Não é novidade que futebol não é meu forte. Nunca aprendi a jogar, também nunca aprendi a torcer. Embora muita gente tenha tentado me ajudar nessa seara, minha atenção sempre foi de muitos outros assuntos. Acontece, não há muito o que fazer quanto a isso. Esse ano, mais uma vez, o futebol foi capaz de provocar os sentimentos mais fortes nas pessoas ao meu redor. Cercado por amigos e familiares flamenguistas, minha bolha foi pintada de rubro e negro, em boa parte do tempo. Já gastaram saliva tentando me explicar o que o envolvimento com o time significa, mas por mais que eu me esforce e tente me colocar no lugar delas, sei que nunca vou conseguir provar esse sentimento.

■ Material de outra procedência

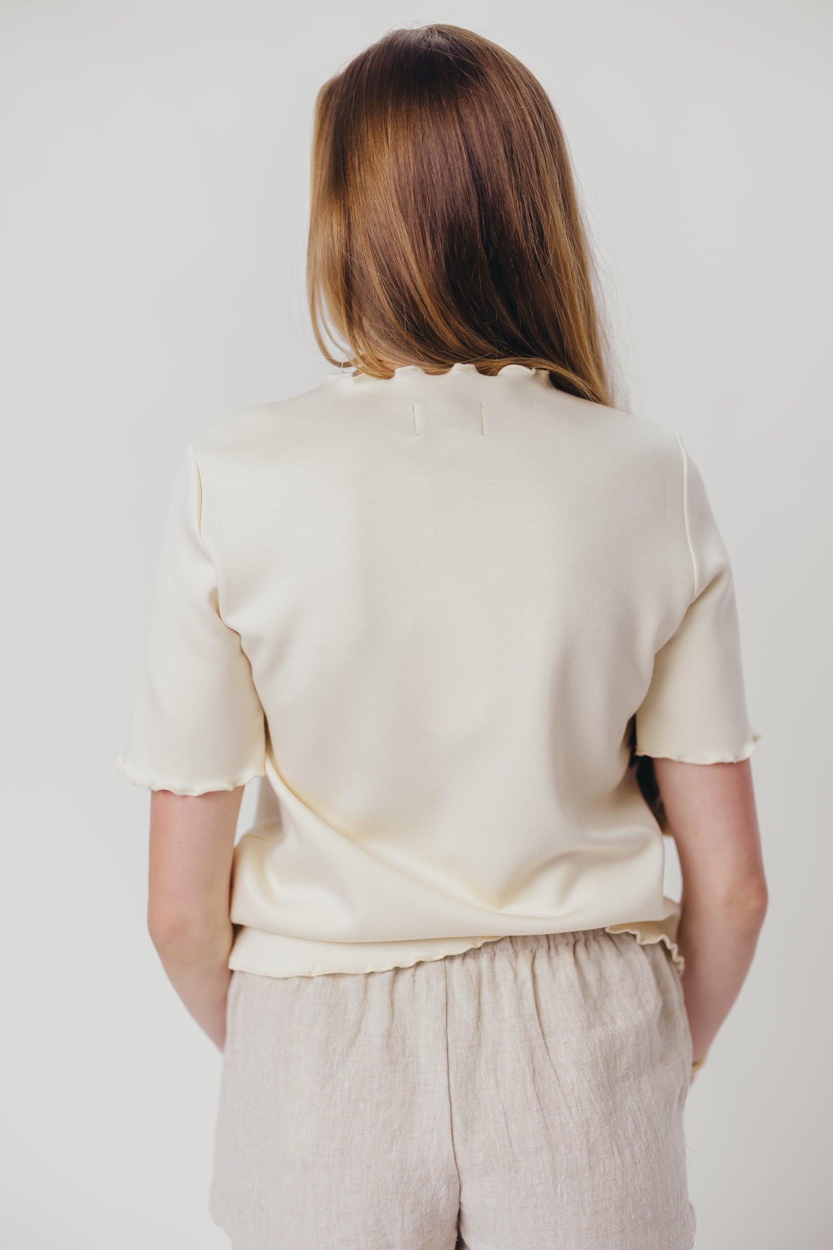 Jemma Butter Modal Mockneck Top with Merrow Edge from P.Cill in Eggshell
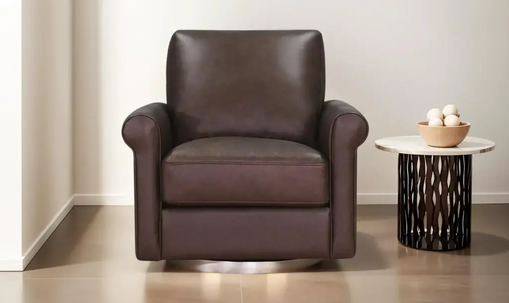 The Kent Leather Swivel Chair delivers classic, tall-back elegance in the much-desired, modern swivel relaxation mode. Enhance Kent's historical stature with your choice of supple Bassett leather upholstery, fit for a lifetime of warming to your touch. Its loose, boxed seat cushion is balanced by an enhanced plush back to offer secure comfort in this archetypal easy chair. Add even more classic styling with nailhead trim, an in-store option.
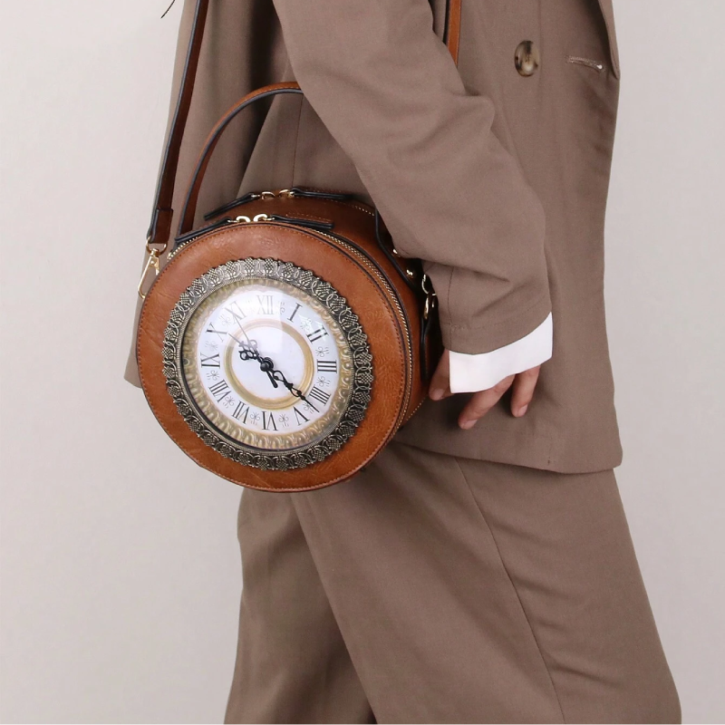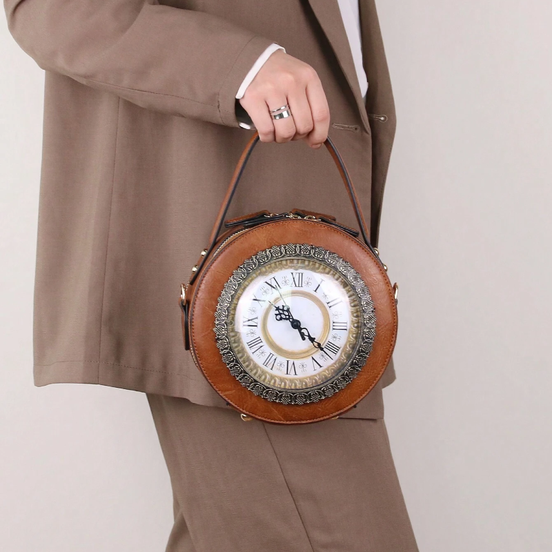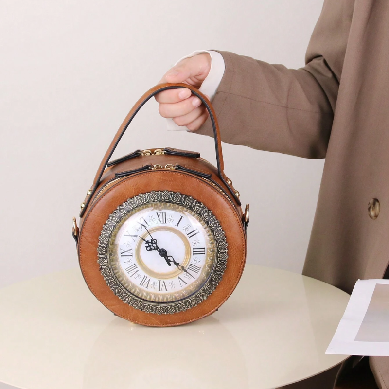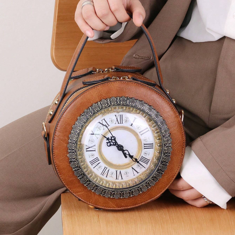Eine einzigartige und stilvolle Handtasche in Form einer Uhr im Vintage-Stil.
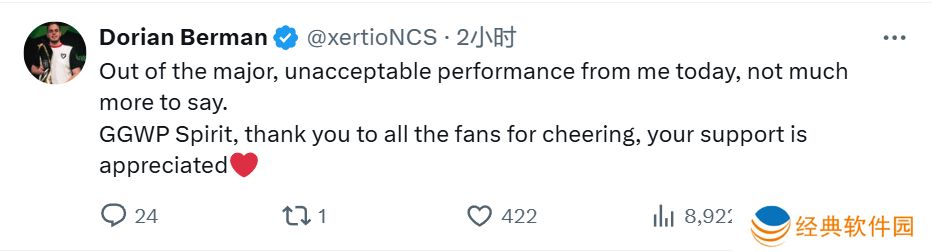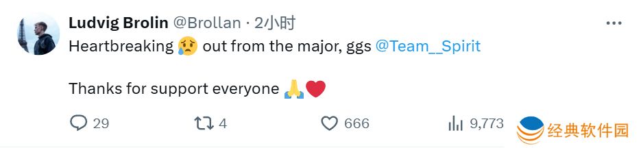 Brollan:令人心碎,从Major出局了,GG Spirit,谢谢大家的支持。
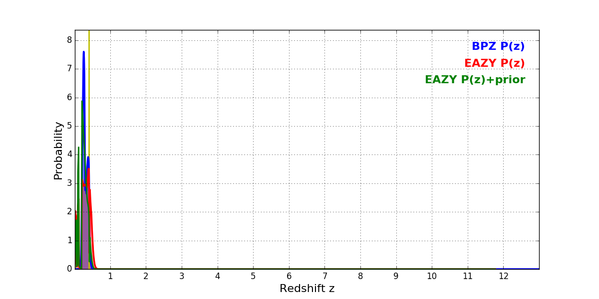 In P(z) plots: Yellow lines mark the cluster redshift z = 0.396,

A relação foi ganhando corpo. No sábado, dia 23 de novembro, enquanto Gabigol, com dois gols quase no fim do jogo, transformou a tensão de uma torcida gigantesca em uma euforia insana, estava atravessando a cidade em direção ao aniversário de uma amiga querida. Na saída de casa, já depois do jogo, senti a extensão da coisa. O ônibus estava atrasado cerca de 15 minutos. Quando ele parou no ponto e a porta do coletivo se abriu, o motorista, orgulhosíssimo, estava vestido com a camisa do time. Dali, a viagem seguiu com buzinaços a cada parada em semáforo. Em vários pontos, grupos de torcedores se concentravam e gritavam, faziam dancinhas, se cumprimentavam.
Quando desci do coletivo na Getúlio Vargas e subi a Halfeld, várias pessoas faziam festa no Calçadão. Tomei um susto quando um flamenguista se destacou, estourando um rojão perto de onde eu estava. Logo ele atravessou e pegou a ponta de uma faixa que exaltava o feito do clube, na travessia de pedestres da Rio Branco, exibindo com alegria sua mensagem aos carros parados.
Depois disso, no domingo, a confirmação do título no Brasileirão. O bairro, novamente, foi invadido pelos estouros dos rojões. Na segunda-feira, vi que pelo menos uns cinco amigos platinaram seus cabelos, em homenagem a Gabigol. Teve amigo que cumpriu promessa e teve que ir à missa, depois de muito tempo afastado da igreja; teve a fisioterapeuta do pilates andando com o uniforme do time embaixo do jaleco, esticando a pontinha dele, sempre que tinha oportunidade. Também teve o mestre que ensinou que com o Flamengo não há sentimento de derrota. Mesmo nos minutos finais de jogo, há chance. Então, não seria opção não acreditar, resposta que eu recebi quando, inadvertidamente, questionei a ele se estava preparado para qualquer resultado possível. Em algumas conversas que tive nesse processo, torcedores de outros times admitiram, em segredo, que não tinha como bater o Rubro-Negro com a campanha desse ano.
Nas ruas da cidade, vários comerciantes ambulantes ainda aproveitam a final do Mundial para tentar fazer uma grana, vendendo bandeiras, bonecos e outros acessórios. Sinto que já de alma lavada, após a conquista da Libertadores e do Brasileirão, parte dos meus amigos escondem a grande expectativa que sentem atrás de um ‘o que vier agora é lucro’. Outros já dão como certo o quarto título do ano. Juro que sigo sem entender muito bem. Mas aprendi a respeitar esse sentimento. Não sinto inveja, nem nada parecido. Fico feliz porque pelo menos um grande grupo de brasileiros, nesse ano confuso e intenso, tem algo que traga profunda alegria para comemorar. Ano que vem, a luta começa outra vez, e a minha torcida é para que tudo fique em paz.